Returning to the theme of Christian doctrine as misrepresentation, Nietzsche charges that “in Christianity neither morality nor religion come into contact with reality at any point.” The religion deals with imaginary causes (such as God, soul, spirit) and imaginary effects (sin, grace, etc.), and the relationships between imaginary beings (God, souls, angels, etc.). It also has its own imaginary natural science (wholly anthropormorphic and non-naturalistic), an imaginary human psychology (based on repentance, temptation, etc.), as well as an imaginary teleology (apocalypse, the kingdom of God, etc.). Nietzsche concludes that this “entire fictional world has its roots in the hatred of the natural” world, a hatred which reveals its origin. For “who alone has reason to lie himself out of actuality? He who suffers from it” [A 15]. Here is the proof which convinced Nietzsche that Christianity is not only decadent in its origins, but rotten to its very core: no one reasonably satisfied with his own mind and abilities would wish to see the real world replaced with a lie.

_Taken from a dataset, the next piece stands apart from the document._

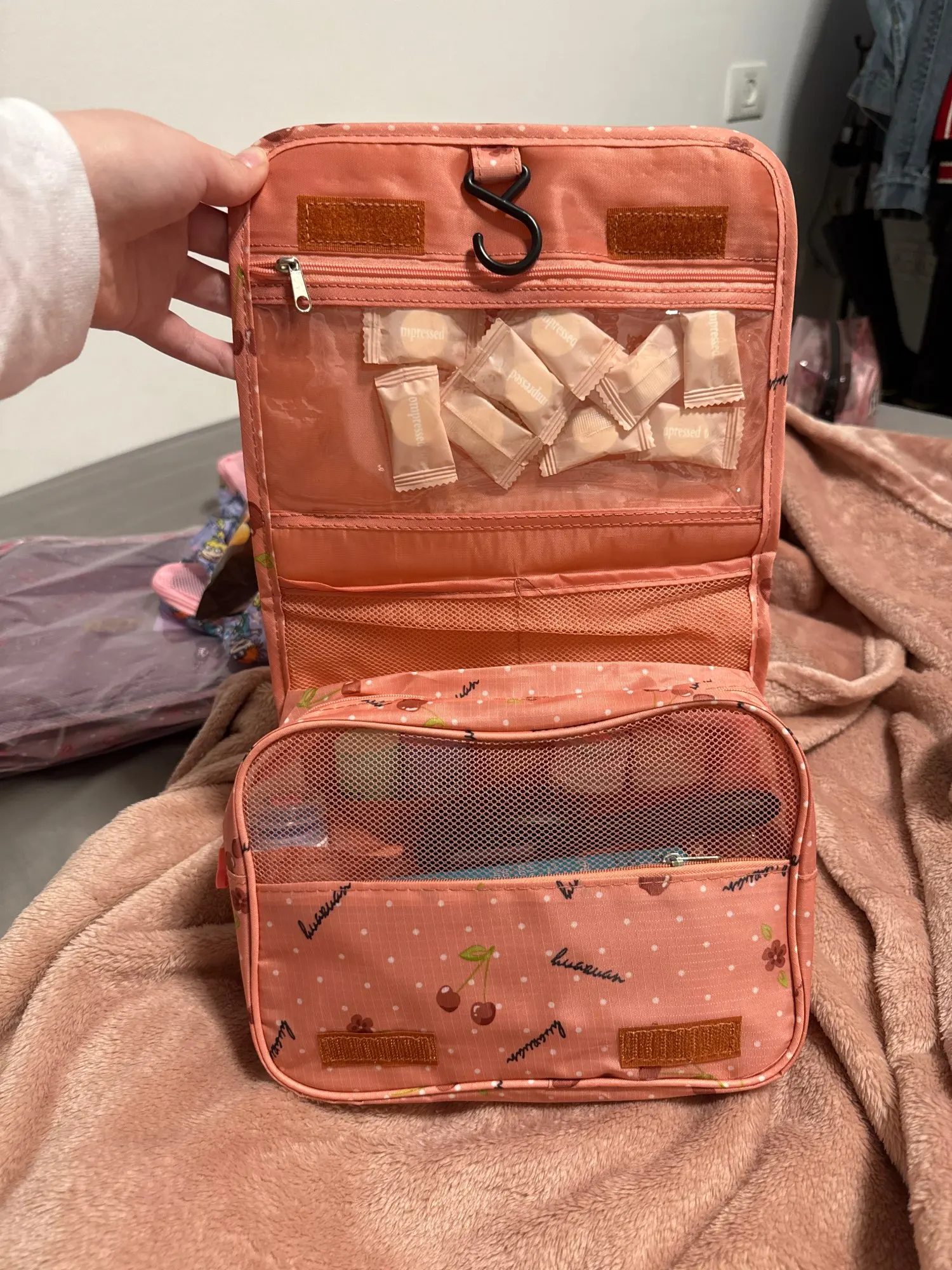 Foldable Travel Toiletry Bag Cosmetic Bag Women Travel Pouch Waterproof Toiletries Beauty Organizer Ladies Bathroom Makeup Storage Bag With Hook Wash

Comparing religions, Nietzsche came to the conclusion that in a healthy society, its gods represent the highest ideals, aspirations, and sense of competence of that people. For example, Zeus and Apollo were obviously powerful ideals for Greek society, an image of the mightiest mortals projected into the heavens. Such gods are fully human, and display human strengths and weaknesses alike. The Christian God, however, shows none of the normal human attributes and appetites. It is unthinkable for this God to desire sex, food, or even openly display revengefulness (as did the Greek gods). Such a God is clearly emaciated, sick, castrated, a reflection of the people who invented him. If a god symbolizes a people’s perceived sense of impotence, he will degenerate into being merely “good” (an idealized image of the kind master, as desired by all slaves), void of all genuinely human attributes. The Christian God represents the “divinity of decadence,” the reduction of the divine into a God who is the contradiction of life. Those impotent people who created such a God in their own image do not wish to call themselves “the weak,” so they call themselves “the good.” [A 16-19].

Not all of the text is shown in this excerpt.